The Rhetoric of Drill Baby Drill: Can Increased Domestic Oil Exploration Really Solve Gas Prices?

Every time gas prices climb, the more conservative among us begin peppering their rhetoric with calls for a “real energy policy.” For example, Boehner’s bizarre “BAH!” speech from yesterday. The word “real” is a loaded term and in this case “real” actually translates to “domestic fossil fuel-driven.”

Economist and noted bow tie model Peter Morici recently expounded on this point and his article is a guide for identifying the buzzwords and disingenuous tropes involved in the energy debate. He conveniently places most of the misleading talking points in the opening paragraph.

When Barack Obama assumed the presidency, gas prices were less than $2 a gallon. He proceeded to shut down deep-water drilling in the Gulf, tightened other federal restrictions on petroleum development, and vetoed the Keystone Pipeline. Now, even with Americans driving not a lot more than three years ago and global growth slowing, gas is nearing $4 a gallon.

First, the oil crowd always cites a mythical past where cheap gasoline flowed like wine, and we could all have playful gasoline fights like the gang from Zoolander, but it involves cherry picking — in January 2009, the price of gas was low, but only because it had just bottomed out from a massive crash over the preceding three months. In fact, the price of gasoline before the financial collapse fluctuated around $3.10, which is less than today, but much closer to today’s prices than Morici suggests to the audience with his selective data set.

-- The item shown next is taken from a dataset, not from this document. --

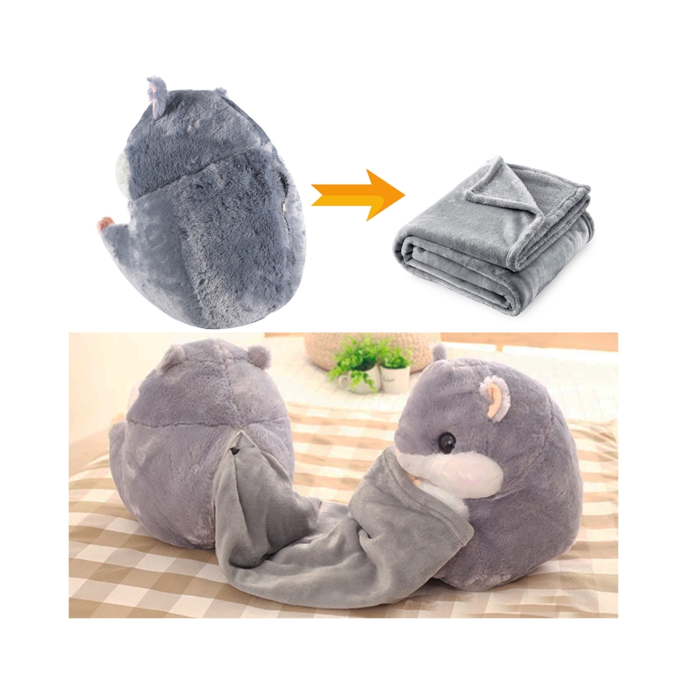 Minkštas pliušinis žiūrkėnas–pagalvėlė su paslėptu pledu

Why did oil drop precipitously in the Fall of 2008? Did we begin drilling or something? No, the price fell because the financial industry collapsed. Despite Speaker Boehner condescendingly invoking Economics 101 and saying that gas prices are a matter of “supply and demand,” the energy market is much more complex and a substantial component of the price is driven by speculation by the financial industry. In January 2009, the financial collapse freed Americans from the interference of the oil speculation trade.

via ThinkProgress

Moreover, this completely ignores gains in fuel efficiency. My back of the envelope figurin’ reveals that, as of today, the average American is paying less than a penny more per mile for gas than they were when gas was $3.10/gallon. That’s another part of the solution for gas prices, but, SPOILER ALERT, Morici is going to ignore that.

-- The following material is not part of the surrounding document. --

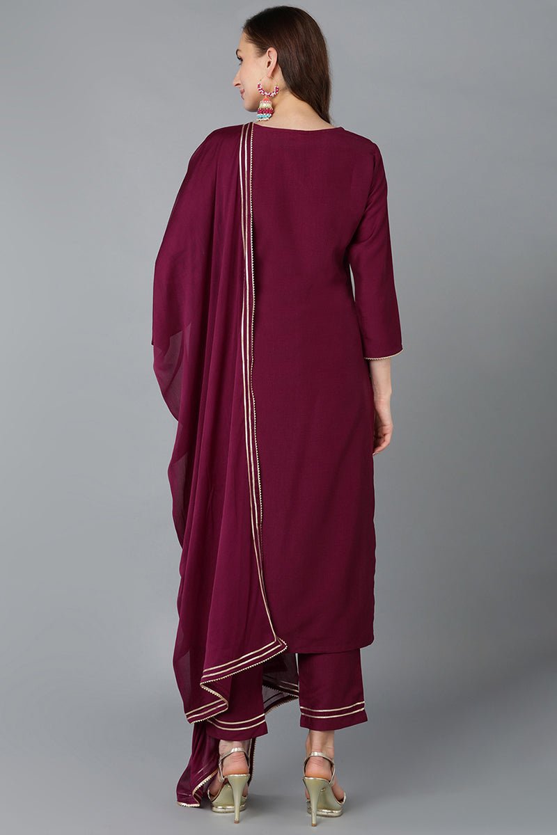 Burgundy Silk Blend Embroidered Straight Kurti Pant With Dupatta

Second, Obama did shut down deep-water drilling in the Gulf. There was a reason though…does anyone remember it? The $560 million ecological disaster might have played into that decision. And, despite the implication that the administration is blocking Gulf drilling, he has in fact opened up more than ever, with 75% of the resources open to private bidding. Those resources aren’t being exploited yet, but they are now available, which addresses Morici’s argument.

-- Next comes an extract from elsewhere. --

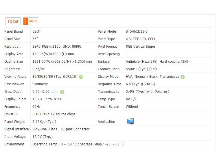 | Model name | ST5461D13-6 | Display Size | 55 inches |

Obama has restricted access to some federal lands, but this places Morici and his allies in a bind. With domestic oil production at an 8 year high, they cannot argue that Obama’s policies have curtailed domestic production — even if they can argue that Obama hasn’t been responsible for all of that increase. It is a Pyhrric victory for the Right.

Finally, Obama did not “veto” the Keystone pipeline. The Republican governor of Nebraska blocked the planned route and left Obama with no choice but to reject the existing application because he couldn’t approve it over the objections of Nebraska. Conservatives try to pin this on Obama by arguing that he could have granted a “conditional approval,” but that would be absurd. In what possible world do you begin construction of a multimillion dollar project without a plan for where it will go.

It's like a game of Toobz with Tar Sands

Morici uses this mix of bit-sized half-truths and outright lies to call for more drilling. But Morici does not address the logistical issues, including the years it will take for domestic production to ramp up to replace foreign sources. Drilling will not lower your price at the pump — but it may lower your price in 5 years. And that’s where we are. With domestic oil production at an 8 year high and a massive expansion in Gulf drilling underway, to argue that the President needs to “do more” is either a willful failure to recognize the time lag involved in the realization of the President’s policies or just a bid for a blatant cash grab by oil companies.

If we want to alleviate prices at the pump over the short-term need a release from the Strategic Petroleum Reserve, and then over the long-term we need to get serious about cracking down on oil speculation, and continue both our current exploration efforts and our development of green energy, which can reduce the amount of oil needed for uses other than gasoline.